# Rave Signature blend - resting?



## gingerneil (Aug 21, 2014)

I just taken delivery of 1kg of Rave Signature that was roasted yesterday. This is the freshest coffee I've ever had.... How long does it need to rest before being used for espresso?


----------



## Mrboots2u (May 10, 2013)

Should be OK from 5 days in terms of getting repeatable shots. Regular buyers I think will relate taste improves at 10 .


----------



## Spazbarista (Dec 6, 2011)

I'd put 250g of it in the hopper and shove the rest in the freezer


----------



## gingerneil (Aug 21, 2014)

It'll likely only last a fortnight, 3 weeks at the most. So I'm not sure if it's worth freezing.

I've got a few cheapo supermarket beans left that bought to use when getting used to my grinder. I'll work through those and cons back to the Rave batch mid week.


----------



## gingerneil (Aug 21, 2014)

Duplicate post


----------



## urbanbumpkin (Jan 30, 2013)

I'd say Raves stuff tends to come into its own in 10 days. Agree with at least 5 days rest.
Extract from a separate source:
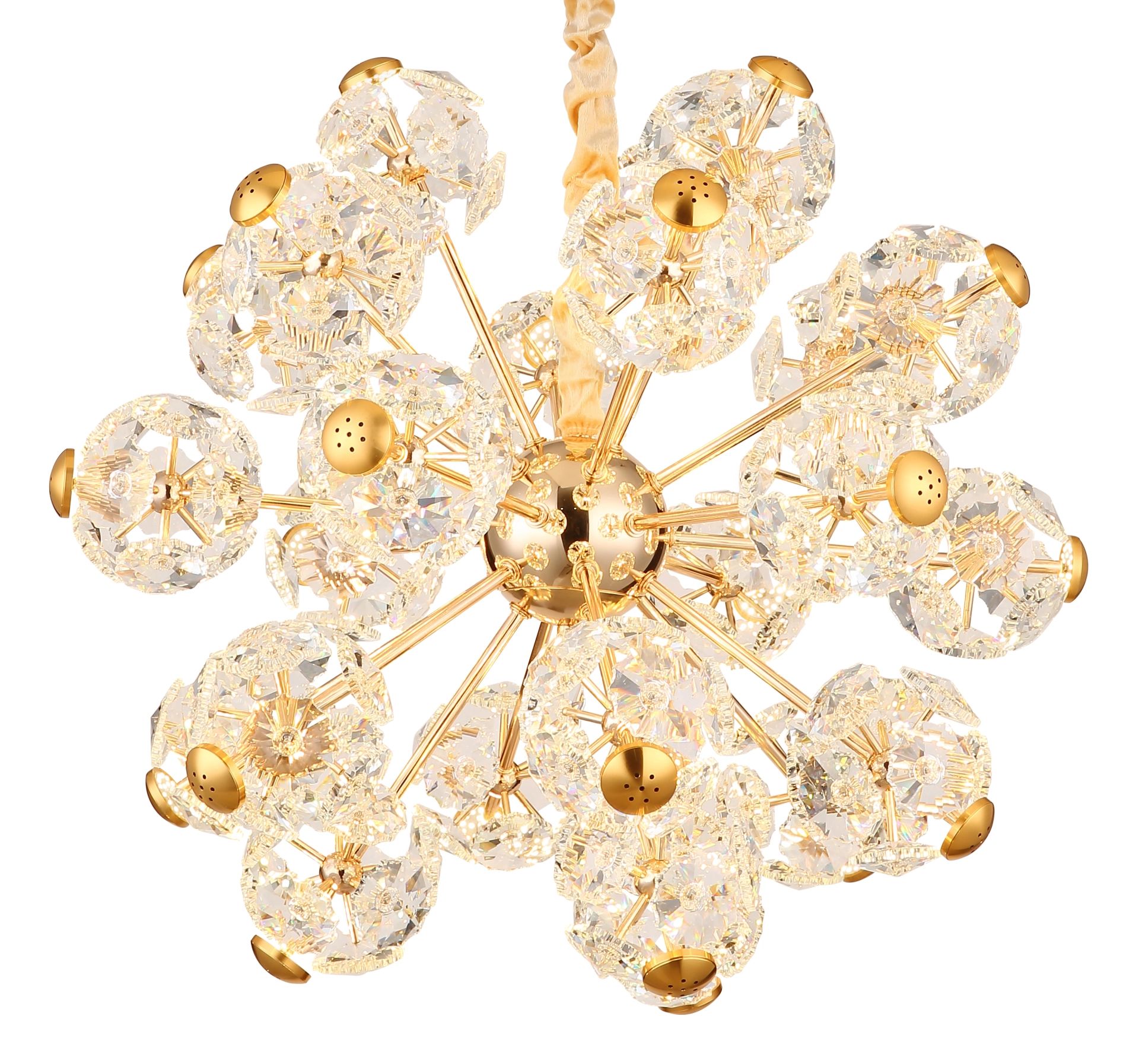 De Floriella hanglamp is een indrukwekkend statement dat iedere ruimte een upgrades geeft. Met een diameter van 650 mm en een elegante ronde vorm trekt deze lamp onmiddellijk de aandacht in uw interieur. Het robuuste goudkleurige metalen frame straalt luxe uit en vormt een prachtig contrast met de glanzende glazen kristallen bollen, die prachtige lichtaccenten genereren.

I'm a 2 shot a day person on average (3 at the weekend), so could get through kilo a month easily.


----------



## Eyedee (Sep 13, 2010)

It changes character at 10 days, tastes like a different bean then. That was my experience with Signature blend.

Ian


----------



## gingerneil (Aug 21, 2014)

OK - thanks all.


----------